From my book, Computational Photography, which featured this project.

Imagine someone typing on a keyboard, imagine the motion of their fingers and their position in space. Imagine that to you the keyboard is invisible. Could you still, with some analysis, decode what the person was typing? Of course, you could. Look carefully and you’ll see that certain finger motions, in certain positions, are more common than others. The most common of all, with English writers, is the letter “e”. From there you could deduce the rest. This sort of thing, called “frequency analysis,” is the foundation of traditional codebreaking.

With a computer, when typing on a computer, the data in your head goes through various mechanical end electronic conversions--intermediate conversions that are very difficult to decipher forms of the data--until the data finally emerges in a form understandable by humans. Same data, different forms.
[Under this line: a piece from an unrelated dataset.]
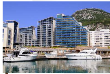
BUSINESS CENTER OCEAN VILLAGE, GIBRALTAR MEP - HVAC, FIRE FIGHTING & EXT.
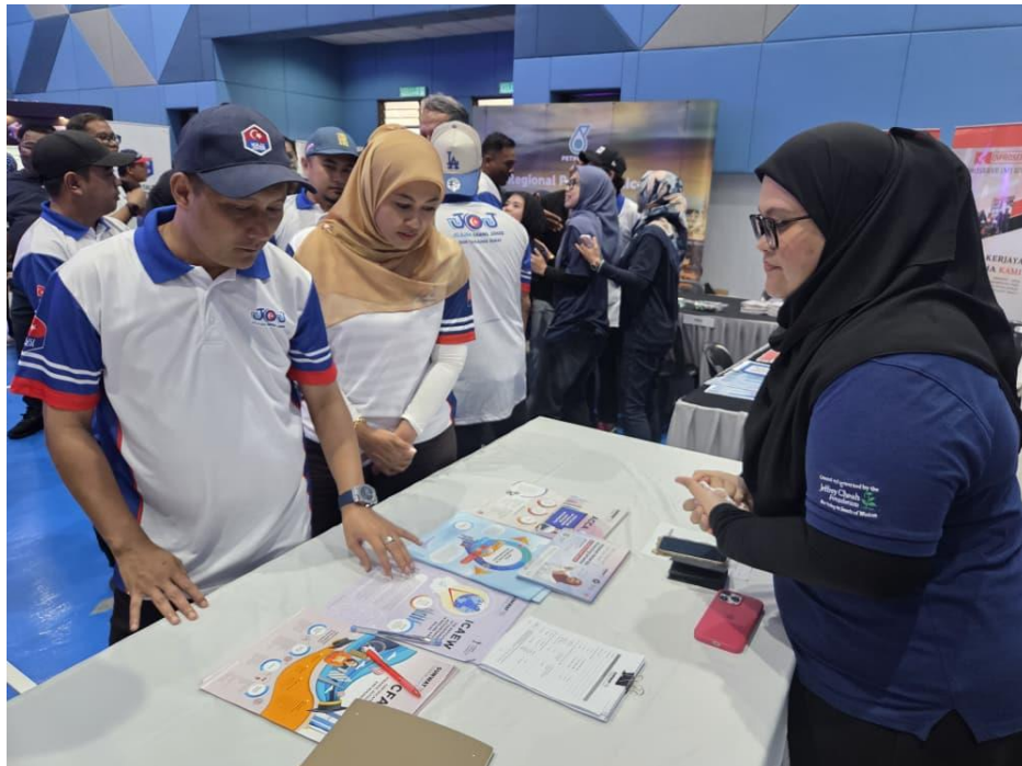
Roadshow @ Tanjung Surat, Kota Tinggi, Johor

A dedicated briefing was conducted on the ACCA and ICAEW programmes, showcasing professional pathways in accounting, global recognition, and promising career prospects for students. This initiative reflects STESJB's commitment to nurturing young talent in Johor and guiding them towards internationally recognized qualifications in the accounting field.

Consider the old-fashioned typewriter. You have the same (or almost the same) finger motions as on the computer keyboard but here the transformations are mechanical and more visible, more comprehendible. The fingers move in just such a way, that then depresses a key which in turn is attached to a rod, which then flips a bar forward in an arc, at the top of which is a raised glyph that strikes an inked ribbon behind which is a sheet of paper.
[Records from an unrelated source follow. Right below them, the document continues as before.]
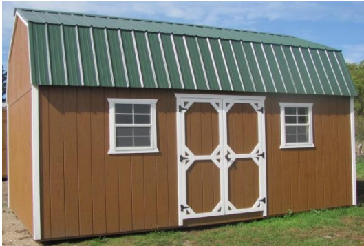
7' Sidewalls, 6' Double Doors, 3/4" T&G DryPly Floor, 2 6' Lofts 12-1/2ft. Inside Height
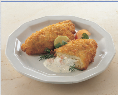
Pre-fried »Flipper-saithe« w/ shrimps-dill SE7549: 180-190 g, 5,55 kg/crt.
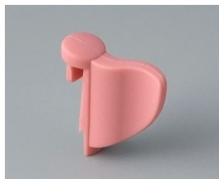
A1104003 Wing PA 6 (UL 94 HB) coral

At any step in this process, you could look at just that slice in isolation and be able to decipher what is being typed, as clearly and as accurately as reading the typed text. The motion and location of the fingers, the motion of the keys, the movement of the metal bars as they arc through their air (or, more likely, the flash of darkness in the screen of bars that indicates that the bar has moved, since it moves so fast it is difficult to see). Or read the text that is typed on the paper.

These are the linkages between one mind and another mind. These are the transformations of the data needed to transport that data from me to you. There is no direct connection that compares in efficiency or accuracy (not to mention in geographical and temporal reach).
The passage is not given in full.